Would you transcribe the records below from the line with "Nové - bílé" to the line with "意味不明あだ名 | 『ペロリンたけがわ』『永久保存たけがわ』 |", ends included, exactly and with nothing more, leaving the pictures out?

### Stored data
*** Block opens ***

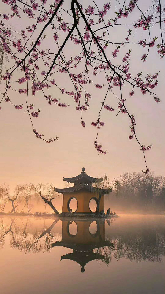 数点红花挂细枝,烟波渺渺柳条丝。
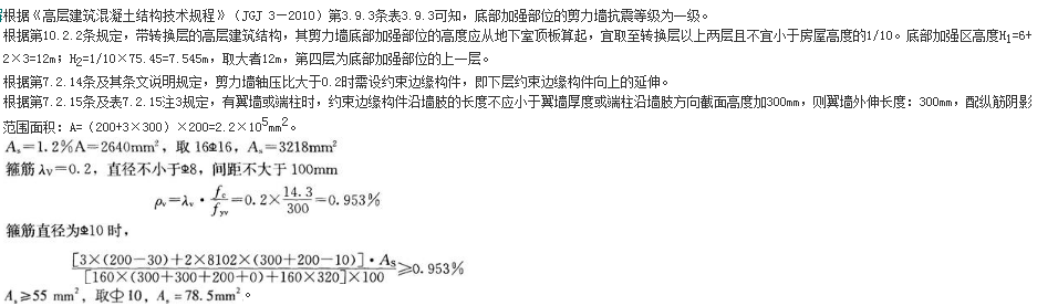 第四层某剪力墙边缘构件如图6-32所示,阴影部分为纵向钢筋配筋范围,纵筋混凝土保护层厚度为20mm。已知剪力墙轴压比>0.3。试问,该边缘构件阴影部分的纵筋及箍筋为下列何项选项时,才能满足规范、规程的最低抗震构造要求?( )
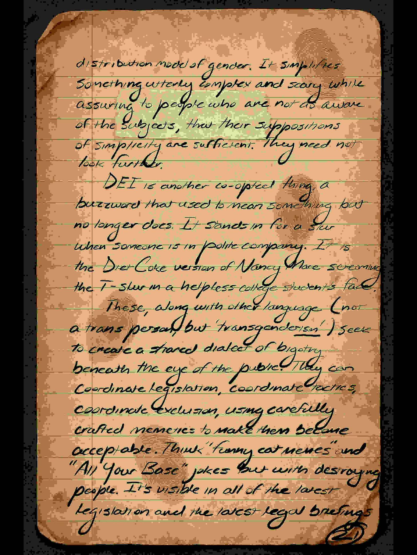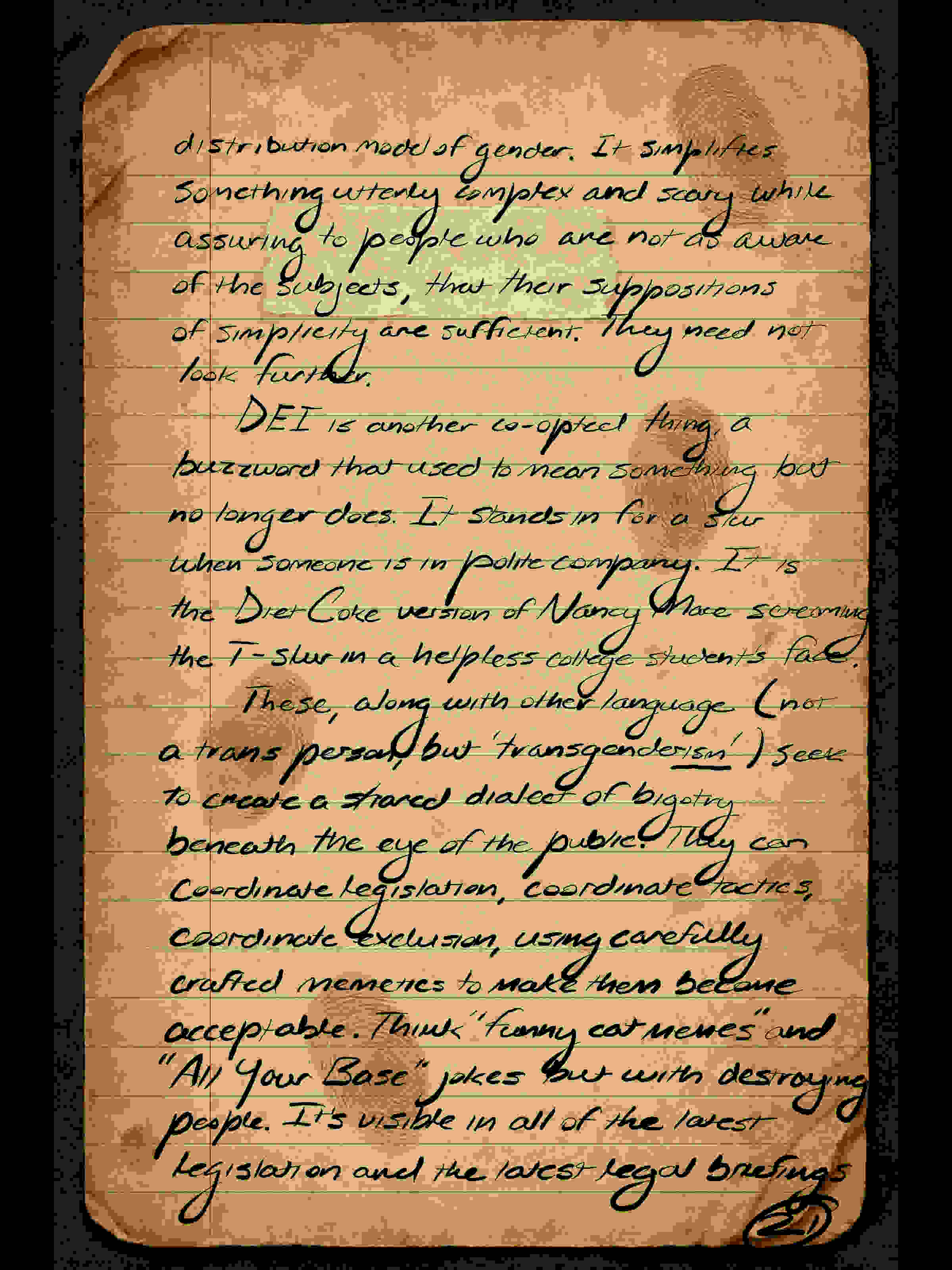 These, along with other language (not a trans person, but “transgenderism”), seek to create a shared dialect of bigotry beneath the eye of the public. They can coordinate legislation, coordinate tactics, coordinate exclusion, using carefully crafted memetics to make them become acceptable. Think “funny cat memes” and “All Your Base” jokes but with destroying people. It’s visible in all of the latest legislation and the latest legal briefings.
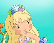 The trio finds the pair trapped and collecting gold for the serpent. "This is horrible! We have to help them!" Seaberry exclaims. When Coco tries to rush in, Strawberry stops her and points out that they don't stand a chance against the big fish. So she suggest that they need a plan. Meanwhile, the imprisoned pair finally realizes that treasure isn't so great when they work for somebody else. Just then, Strawberry quietly appears and tells them she has an idea. She explains that she needs some of the sand dollars. She, Seaberry, and Coco create a trail of sand dollars to distract the sea serpent. When the serpent sees it, Blueberry and Rainbow will have a chance to escape.
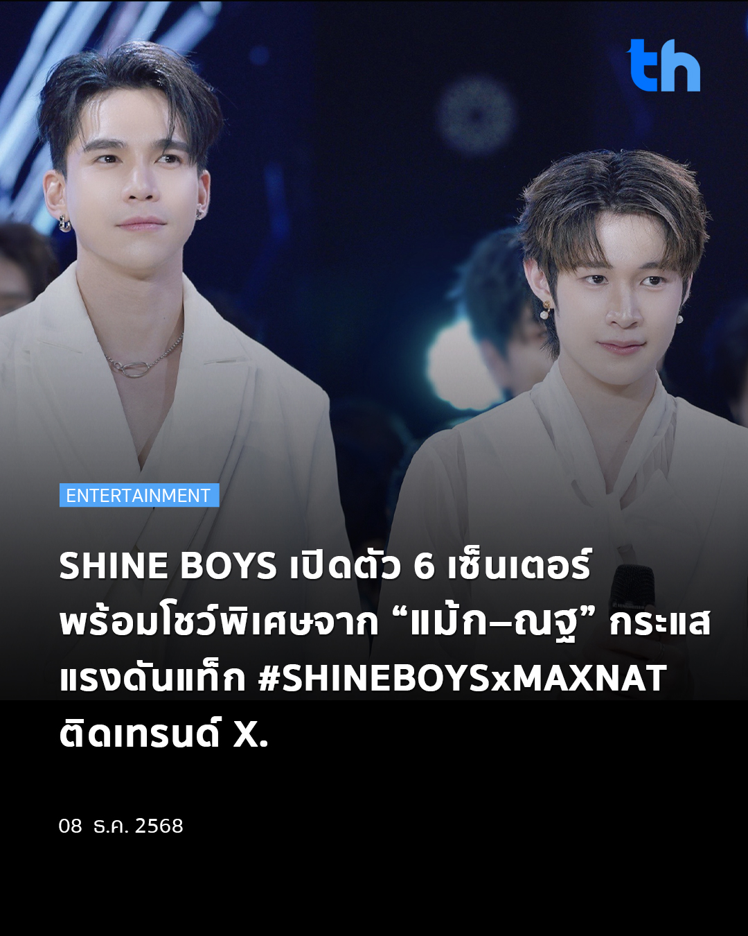 ความปังทวีคูณในวันที่ 29 พฤศจิกายน เมื่อ “แม้ก-กรธัสส์ รุจีรัตนาวรพันธุ์” และ “ณฐ-ณฐสิชณ์ เอื้อเอกสิชฌ์” มาร่วมแชร์ประสบการณ์กับเด็กฝึก พร้อมสร้างโมเมนต์น่ารักด้วยการขึ้นเต้นเพลง SHINE เพลงธีมรายการร่วมกับเด็กฝึกอย่างเป็นกันเอง ส่งผลให้แท็ก #SHINEBOYSxMAXNAT พุ่งติดเทรนด์บน X
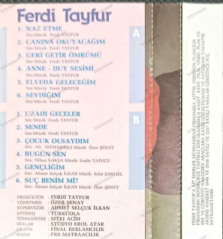 FERDİ TAYFUR NAZ ETME CANINA OKUYACAĞIM başlıklı ürün, Efemera, Müzik, Sinema > Müzik, Plak, Kaset, CD > Müzik Kaseti > Yerli Müzik Kaseti kategorisi altında İkinci El olarak satılmaktadır.
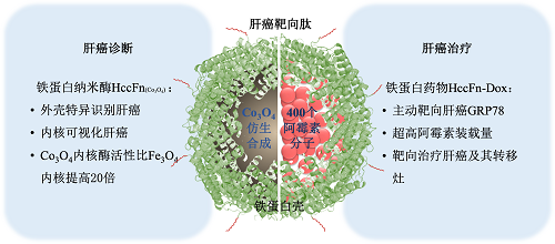 阎锡蕴课题组在前期利用人铁蛋白特异识别肿瘤标记分子TfR1的特性,将纳米酶精准输送到肿瘤部位,并通过酶催化产生活性氧(ROS)杀伤肿瘤的基础上(Nature Communications 2018),又设计出一种能够特异靶向肝癌,使其可视化并杀死肝癌细胞的新型铁蛋白探针,其作用原理如图所示。
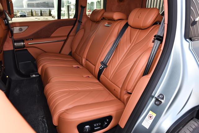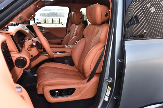座椅全是 NAPPA 真皮包覆,还做了打孔和缝线处理,越野玩家版更是采用真皮与麂皮双拼混搭的方式,坐起来感觉更棒。前排座椅支持 14 向电动调节,包括 4 向腰部支撑和腿托调节,加热、通风和按摩功能也都有。二排座椅功能也很强大,腰部调节和腿托调节都有,靠背可调节角度很大,能轻松找到舒服的坐姿,再加上腿托以及加热和通风功能,坐起来一点都不比行政级轿车的后排差。豪华版更是在这基础上增加了按摩功能,简直不要太享受。
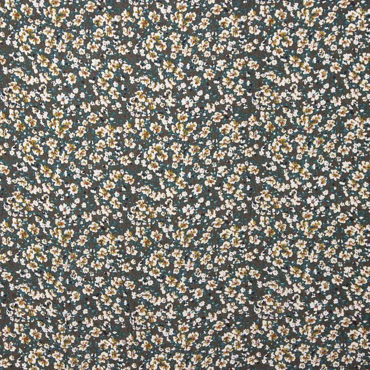 Tela de viscosa 100% estampada en figuras de flor sobre un fondo oscuro, perfecta para crear prendas ligeras y con un toque de frescura.
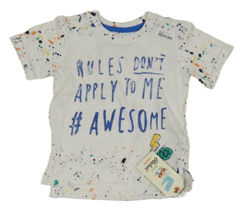 Nové - bílé melírované tričko s nápisy a barevnými skvrnkami Rebel
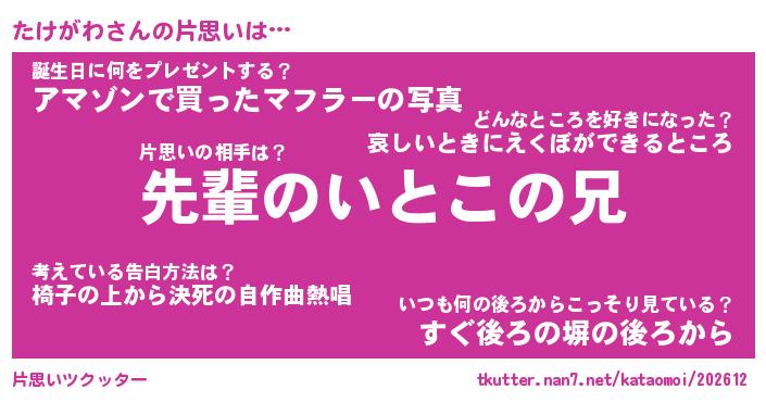 | 意味不明あだ名 | 『ペロリンたけがわ』『永久保存たけがわ』 |
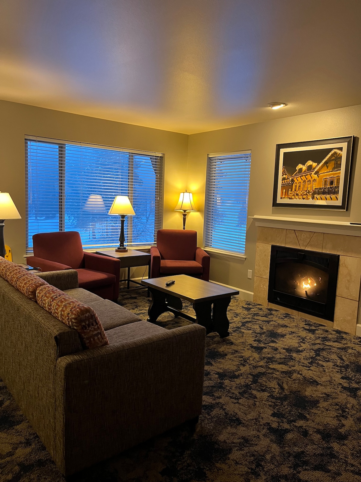 Contempla el centro de Leavenworth desde tu balcón privado Dream Suites 3 o 4. Cada apartamento es una suite de un dormitorio con cama tamaño king, sofá cama y cocina completa (sin horno). Relájate en la espaciosa sala de estar/comedor con chimenea eléctrica o sumérgete en la bañera de hidromasaje del baño (ducha separada). Este departamento tiene capacidad para cuatro personas. La tarifa se basa en ocupación doble, con un cargo adicional por huésped adicional de 12 años o más. Este departamento está en el tercer piso y solo es accesible por escaleras.
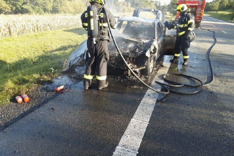 Požár osobního auta likvidovali hasiči na I/52 u Pasohlávek

*** Block closes ***

### Answer to the exercise
 Nové - bílé melírované tričko s nápisy a barevnými skvrnkami Rebel
 | 意味不明あだ名 | 『ペロリンたけがわ』『永久保存たけがわ』 |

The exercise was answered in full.